On the issue of distribution of powers between the Centre and states to administer the goods and services tax with some states adamant on their demand to control tax payers with up to Rs 1.5 crore turnover, Jaitley said a formula has been arrived at.
“All assesses with GST turnover of Rs 1.5 crore or less, 90 per cent of them will be assessed by states and 10 per cent by administrative machinery of Centre,” Jaitley said.
“GST turnover of above Rs 1.5 crore will be assessed in the ratio of 50:50 by States and Centre,” he added.
All states except the West Bengal consented to the proposal.

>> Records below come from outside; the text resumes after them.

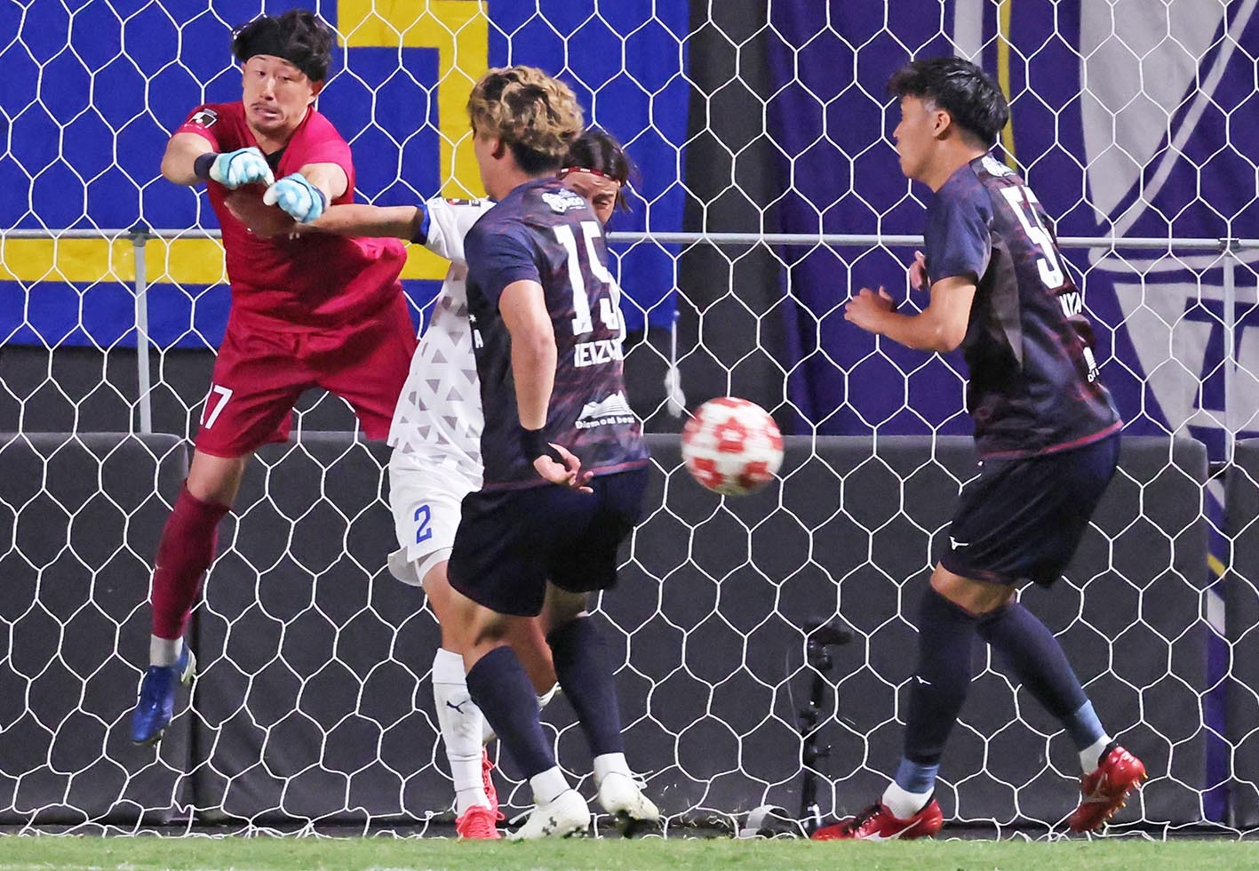 前半、相手のCKをクリアするDF家泉(中央)=撮影・小田岳史
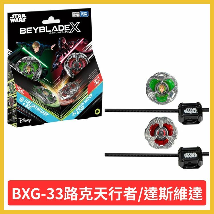 | 『BX-33路克天行者/達斯維達雙重組合』商品內容: ※全新星際大戰聯名商品 ※內含兩顆陀螺,皆為全新設計 ※內附兩個發射器,皆有STARWARS的特殊logo |
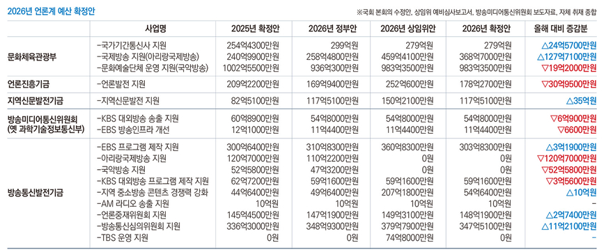 2026년도 예산안이 9일 국무회의를 통과한 가운데 언론계 예산이 올해보다 약 50억원 증액됐다. 윤석열 정부 들어 큰 폭으로 삭감된 예산이 일부 복원된 데 따른 것이다. 다만 이번 확정안이 국회 상임위안은 물론 정부안보다도 후퇴하면서 언론계 일각에선 비판의 목소리가 나오고 있다. 특히 상임위에서 편성한 운영 지원 예산이 전액 삭감된 TBS, 150억원가량의 예산이 증발된 지역 중소방송에선 추후 추가경정예산 편성 등을 통해 예산을 복구해야 한다는 요구가 잇따르고 있다.
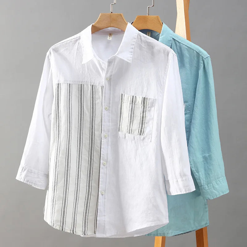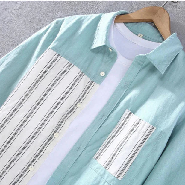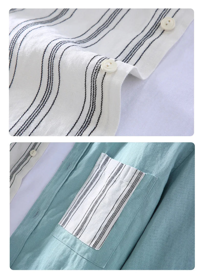 This eye-catching piece features a harmonious blend of solid lagoon blue and vertical stripes, exuding a modern, coastal vibe. Crafted from premium linen, it offers unbeatable comfort and breathability, perfect for warm-weather days. The unique pocket design a touch of laid-back sophistication, making it versatile for both casual outings and more refined occasions.
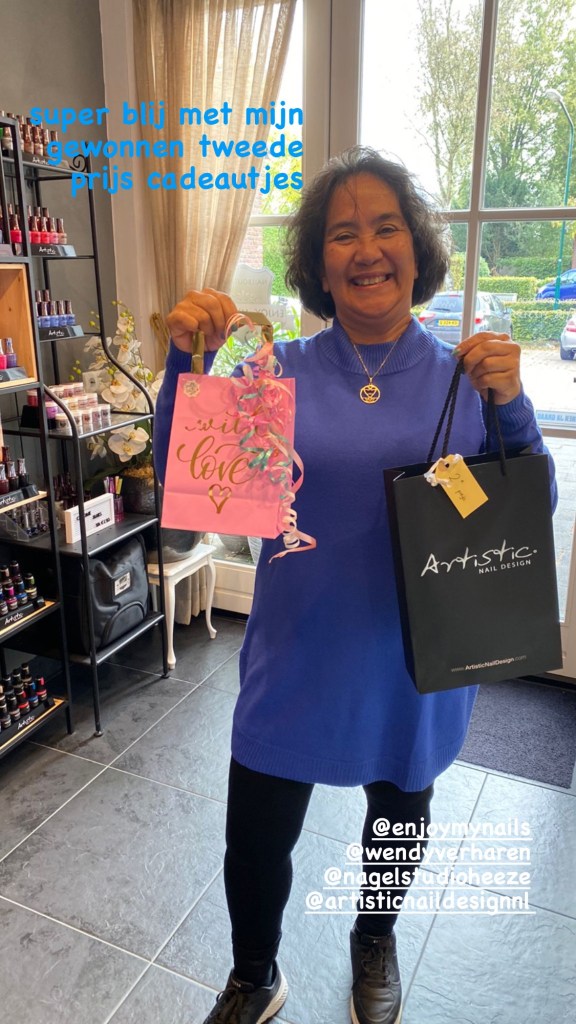 Vandaag ging ik naar mijn nagel styliste Wendy Verharen van Enjoy My Nails in Heeze. Daar overhandigde ze mij eerst mijn gewonnen prijzen! Super leuk! Echt verwend geworden:
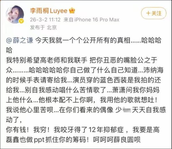 3月2日,李雨桐发文实名举报薛之谦了。她说“佛魔差一张纸,薛之谦你得罪我,下地狱去吧!还随你去天堂?”
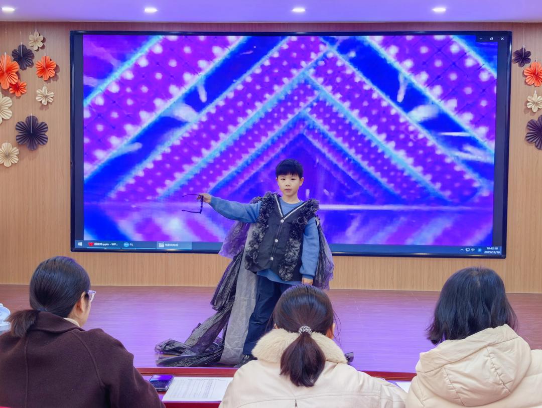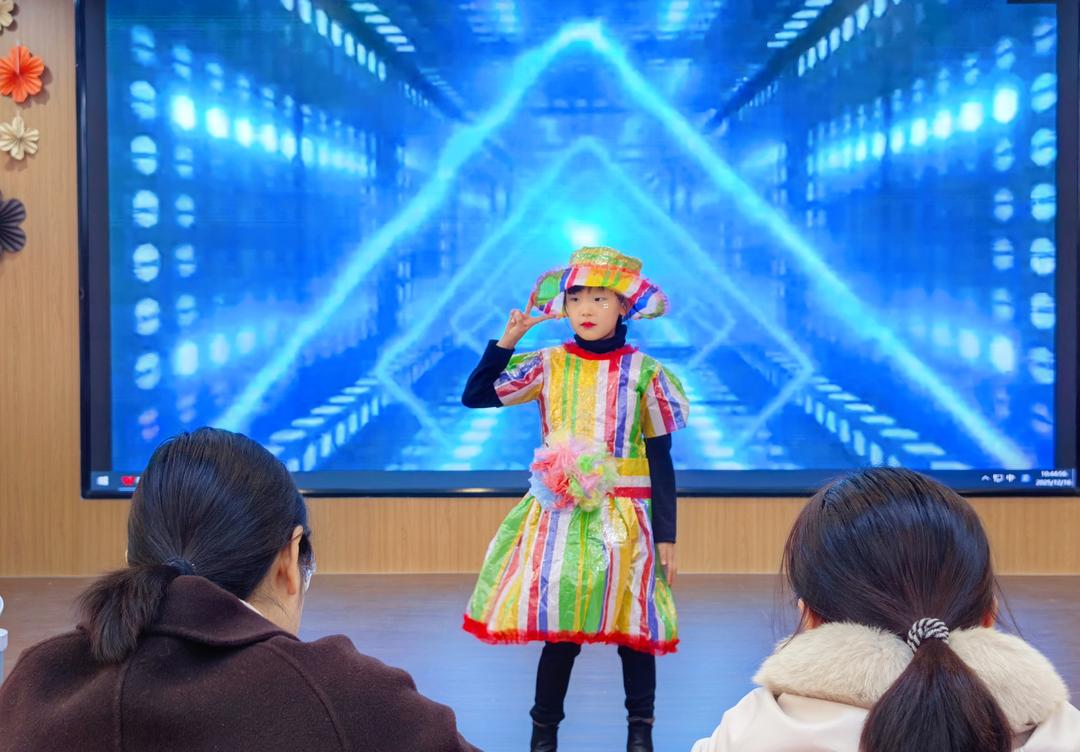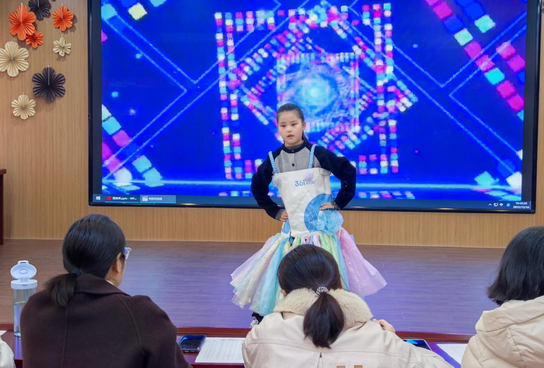 活动现场热闹非凡,伴随着动感的音乐,同学们身着自制环保时装自信满满地踏上舞台。废旧报纸剪裁成的飘逸长裙、塑料瓶串成的闪亮铠甲、快递纸箱拼接的酷炫披风、旧T恤改造的时尚背心……一件件作品构思巧妙、创意十足,将环保理念与艺术美感完美融合。同学们们迈着灵动的步伐,在台上尽情展示风采,稚嫩的脸庞上洋溢着骄傲与喜悦,台下掌声、欢呼声此起彼伏。

At the meeting today, West Bengal Finance Minister Amit Mitra disagreed to limited division of assessment for turnover below Rs 1.5 cr, Jaitley said.
Earlier, Kerala Finance Minister T M Thomas Isaac told reporters that there was "no agreement” and the discussions were still going on.
He, however, said there were agreements on some other issues, including an "agreement that integrated GST (law) will be mutually empowerment model". Also, "territorial waters, taxation powers will be delegated to the states", he said.
The Council had seen a deadlock for the fifth meeting in a row, with states seeking sole powers to control assessees with an annual turnover of up to Rs 1.5 crore.
The Centre, however, was not in favour of a horizontal split as it feels states do not have the expertise to administer levies like service tax.
Jaitley is also not in favour of dual agencies auditing and scrutinising each taxpayer as he reckons multiple authorities could end up acting at cross-purposes.
"Some people want vertical divisions (of tax payers), others want horizontal division with vertical division of large traders. Some compromise will be worked out," Thomas added.
"Below Rs 1.5 crore could be under the administrative control of states. The Centre would have certain limited amount of audit functions that could be one possible compromise. Discussions are going on."
Addressing the media after the meeting, Jaitley said, “Power to levy and collect IGST tax is with the Centre but by special provision in law, states will be cross empowered in same manner as ratio mentioned.”
The Council, in its previous meeting, had agreed on most of the clauses of the draft IGST law, which along with central GST (CGST) and state GST (SGST) have to be passed by Parliament and state legislatures, respectively, before the new indirect tax regime can be rolled out.
IGST deals in levy on inter-state supply (including stock transfers) of goods or services.
GST will subsume a host of indirect taxes levied by the Centre and states, including excise duty, VAT, service tax, entry, luxury and entertainment levies.
Parliament passed the landmark constitutional amendment in August last year and more than half of state legislatures ratified it by mid-September.
According to Jaitley, GST needs to be rolled out latest by September 16, 2017.
Under the Constitutional Amendment passed by Parliament for GST implementation, some of the existing levies will expire after September 16.
GST is expected to transform India into a single market, boost revenues through better compliance and simpler procedure.